# GOAL OF THE EXERCISE:
The expected response is the full listing, retyped exactly, without its images.

# PROVIDED MATERIAL:

• • •

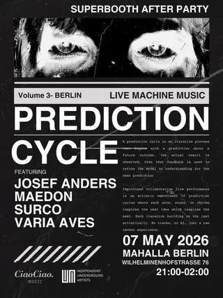Superbooth Afterparty - PREDICTION CYCLE by CiaoCiao takes place at MaHalla in Berlin, Germany on May 7, 2026. Featuring MAEDON, SURCO, Varia Aves. Pure techno sounds.
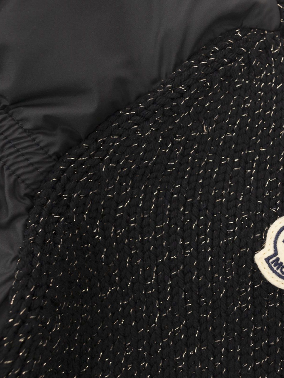 • 다양한 온도에서 착용하기 쉬운 이 울 카디건은 앞면의 페더 패딩이 특징입니다. 반짝이는 마감이 재미있는 터치를 더합니다.
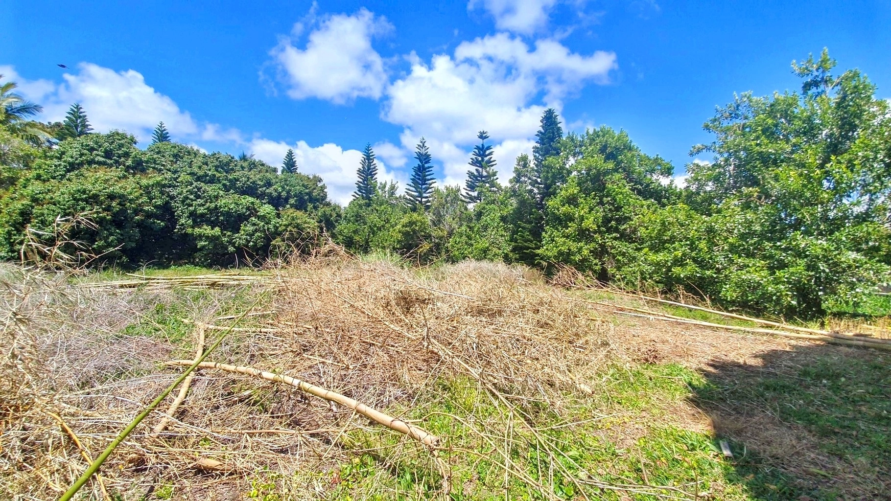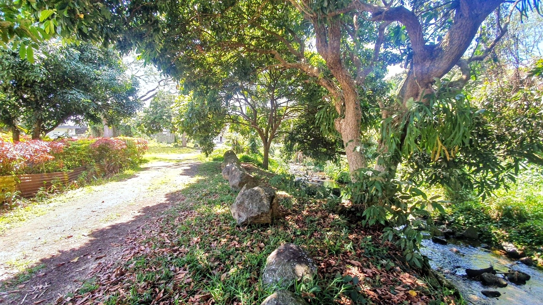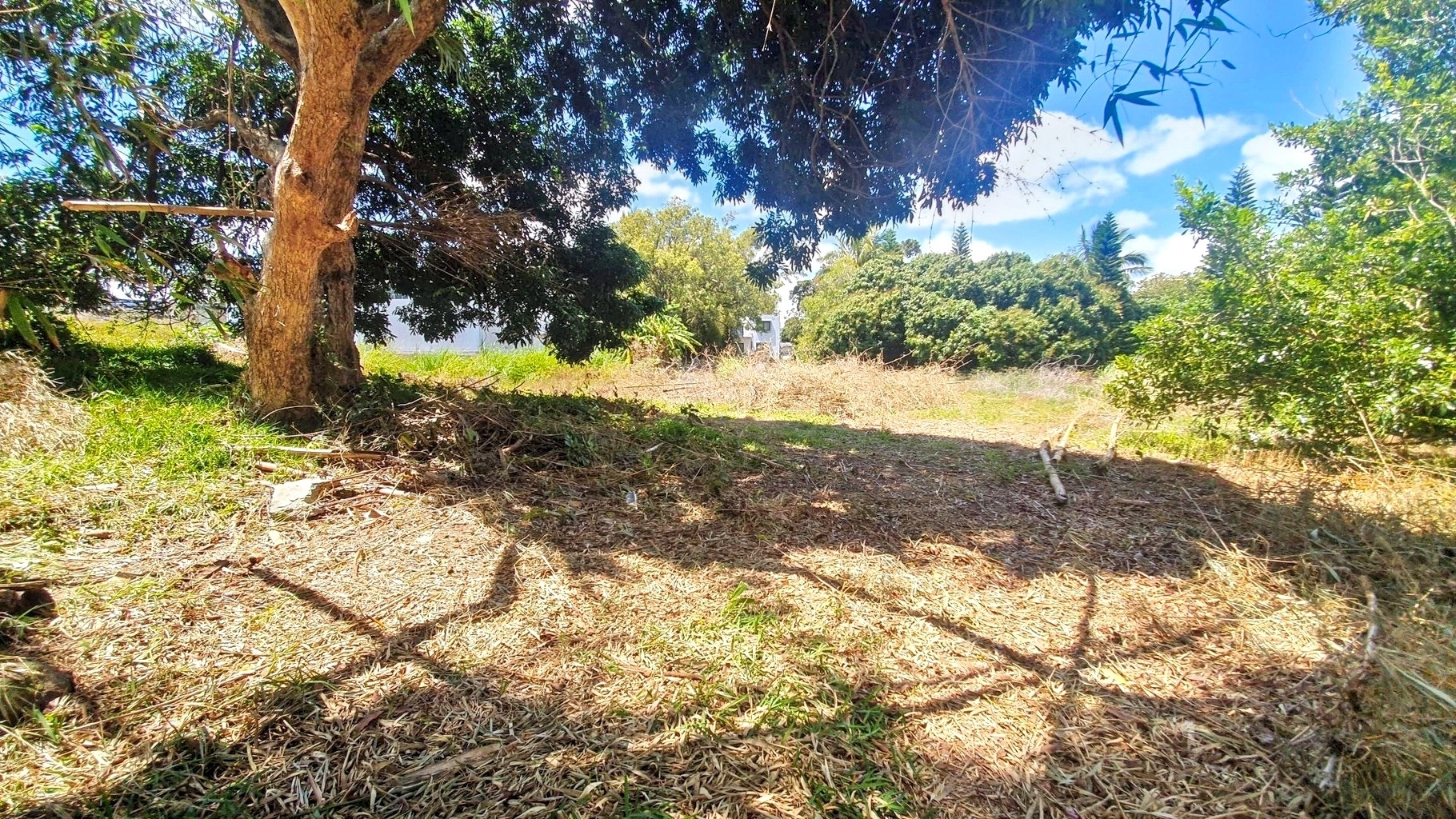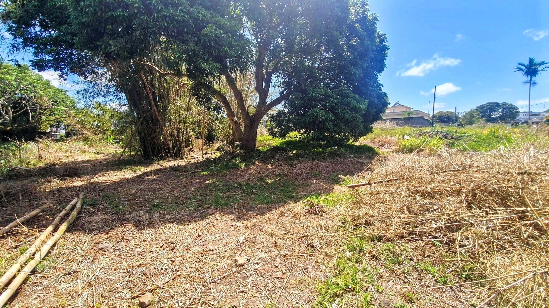 Partially vacant land with vegetation, featuring trees such as litchis, firs, and other species.

• • •

# SOLUTION:
Superbooth Afterparty - PREDICTION CYCLE by CiaoCiao takes place at MaHalla in Berlin, Germany on May 7, 2026. Featuring MAEDON, SURCO, Varia Aves. Pure techno sounds.
 • 다양한 온도에서 착용하기 쉬운 이 울 카디건은 앞면의 페더 패딩이 특징입니다. 반짝이는 마감이 재미있는 터치를 더합니다.
 Partially vacant land with vegetation, featuring trees such as litchis, firs, and other species.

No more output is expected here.